One of the most famous plotters to speak of is J.K. Rowling. If you Google it, you can find some of her outlines and plans for the Harry Potter novels, like this one right here (yep, people, those are the scribbles of Ms. Rowling).

For many of us, though, the problem with plotting and outlining is that we never stop. We can spend weeks, months and years planning, charting, drawing, and researching only for it to dawn on us one day that we haven’t actually written a single word of our novel.


Words has it that J.K. Rowling spent five years outlining her Harry Potter novels before she actually started writing. But because of who she is and the massive amount of success it brought her, she gets a pass.
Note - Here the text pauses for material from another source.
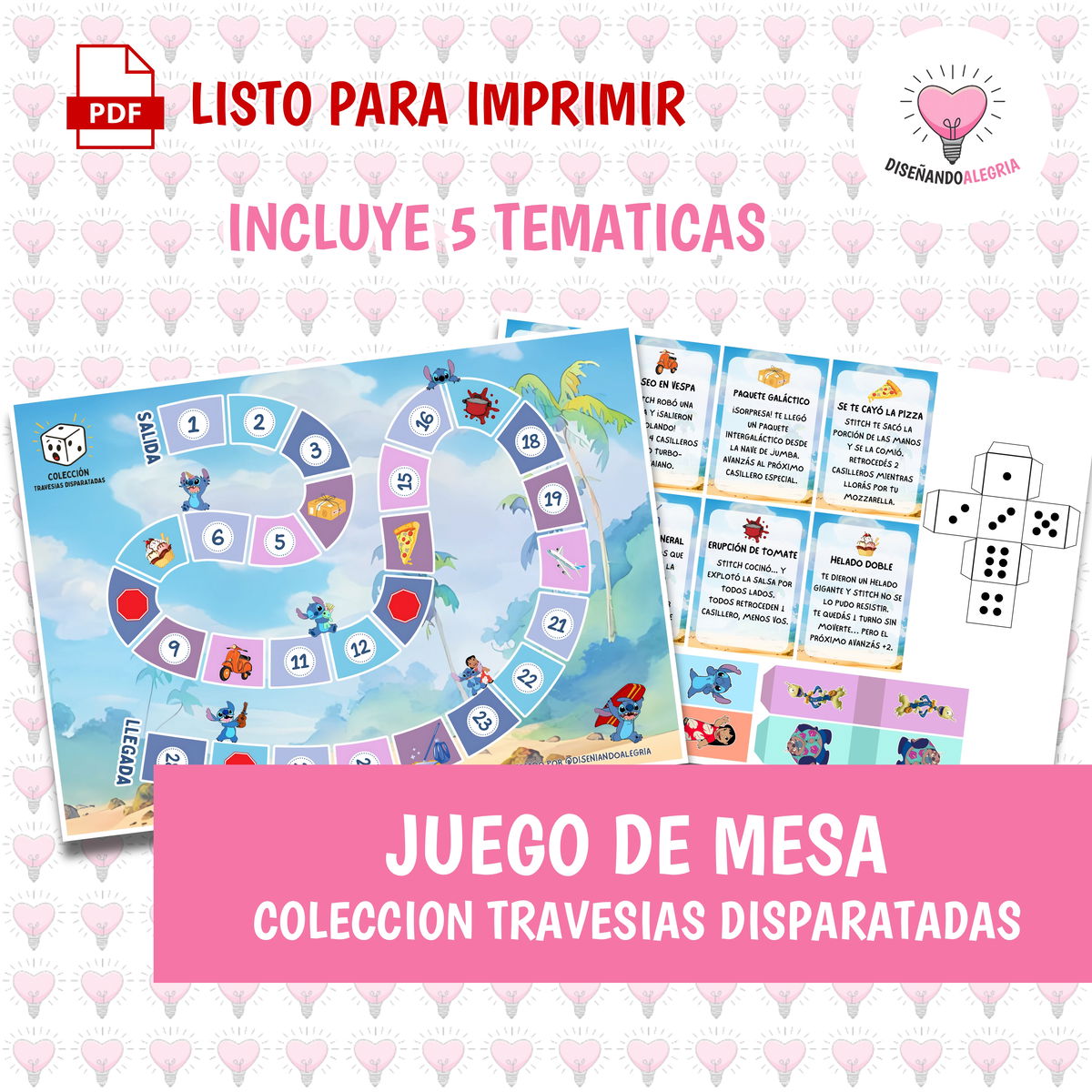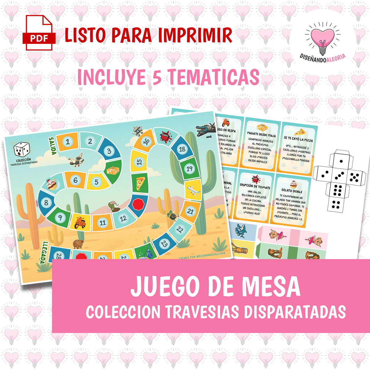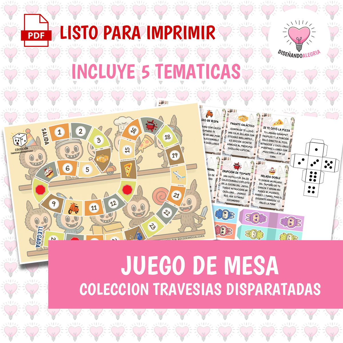 PDF imprimible NO EDITABLE, incluye 5 temáticas de juego de mesa

The rest of us, though, only get an allotted (and short) amount of outlining time before we need to just put the outline down and actually start writing the damn thing.


Now, let’s take a look at the second group, AKA the Pantsers. On this side of things, we have authors such as Margaret Atwood. An idea pops into her head, an image or a scene or a character, and she plops down and starts writing “by the seat of her pants” (hence the name). Stephen King, another famous Pantser, slammed the art of outlining as a last resort for untalented writers. Ouch. (I wonder if Ms. Rowling heard about that?)

I think there are merits and pitfalls of each type, and I think that you should write however you feel comfortable. Don’t feel obligated to be a Plotter just because J.K. Rowling is. Don’t be ashamed to be a Plotter just because Stephen King doesn’t approve.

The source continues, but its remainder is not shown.